Los fórceps hacían ruido en las manos de la
enfermera, el doctor atenazó el cuerpecito de
Pol y lo extrajo de las profundidades de Montse, en unos segundos, se escuchó
el llanto incontenible del neonato.
Él
pequeño continuaba llorando. Ya era un recién nacido de piel viscosa con restos
de sangre todavía en sus cabellos. Un niño que se acurrucaba lastimosamente
sobre el cuerpo de Montse, mientras con ayuda de la madre naturaleza buscaba
con su boca diminuta, la leche que ya rebosaba en sus senos.

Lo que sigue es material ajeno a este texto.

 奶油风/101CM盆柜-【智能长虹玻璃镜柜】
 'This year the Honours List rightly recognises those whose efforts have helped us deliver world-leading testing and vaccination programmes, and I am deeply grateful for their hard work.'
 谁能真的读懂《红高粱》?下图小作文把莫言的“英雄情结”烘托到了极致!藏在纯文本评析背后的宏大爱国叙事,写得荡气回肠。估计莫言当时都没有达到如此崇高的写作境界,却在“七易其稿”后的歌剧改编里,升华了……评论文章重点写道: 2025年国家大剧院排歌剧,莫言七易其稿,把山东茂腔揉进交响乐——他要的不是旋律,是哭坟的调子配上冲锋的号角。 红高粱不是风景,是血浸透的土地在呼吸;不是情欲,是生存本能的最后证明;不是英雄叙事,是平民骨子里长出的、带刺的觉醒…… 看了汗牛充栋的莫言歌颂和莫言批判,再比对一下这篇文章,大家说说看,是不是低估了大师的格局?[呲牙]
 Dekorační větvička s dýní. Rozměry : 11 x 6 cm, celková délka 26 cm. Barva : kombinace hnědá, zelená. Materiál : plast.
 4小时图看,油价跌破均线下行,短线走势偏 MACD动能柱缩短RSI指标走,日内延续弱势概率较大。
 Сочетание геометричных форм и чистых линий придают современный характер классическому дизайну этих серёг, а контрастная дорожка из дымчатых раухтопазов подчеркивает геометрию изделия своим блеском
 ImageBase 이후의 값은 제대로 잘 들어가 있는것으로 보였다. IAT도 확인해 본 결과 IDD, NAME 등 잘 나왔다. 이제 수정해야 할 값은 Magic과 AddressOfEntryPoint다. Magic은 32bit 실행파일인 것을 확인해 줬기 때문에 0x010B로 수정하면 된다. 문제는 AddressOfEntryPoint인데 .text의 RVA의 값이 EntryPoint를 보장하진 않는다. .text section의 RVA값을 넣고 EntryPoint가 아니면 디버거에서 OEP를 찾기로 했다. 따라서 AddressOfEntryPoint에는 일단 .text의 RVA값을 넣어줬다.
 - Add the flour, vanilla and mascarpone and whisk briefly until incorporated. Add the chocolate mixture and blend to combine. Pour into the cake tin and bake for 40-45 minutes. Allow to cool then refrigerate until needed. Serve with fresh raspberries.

Él niño lloraba sin lágrimas y todo lo demás
desapareció: La clínica, el médico, la noche de tormenta, el mundo entero, solo
Juanma sonreía satisfecho. Afuera en la sala de espera, toda la parentela,
hermanos, padres, primos, tíos, abuelos y dos abuelas, una de ellas
primeriza pugnaban por ver al nieto…
Montse pensó:
-Si pudiera, me levantaría ahora mismo y con
mi hijo en brazos, me iría muy lejos de aquí.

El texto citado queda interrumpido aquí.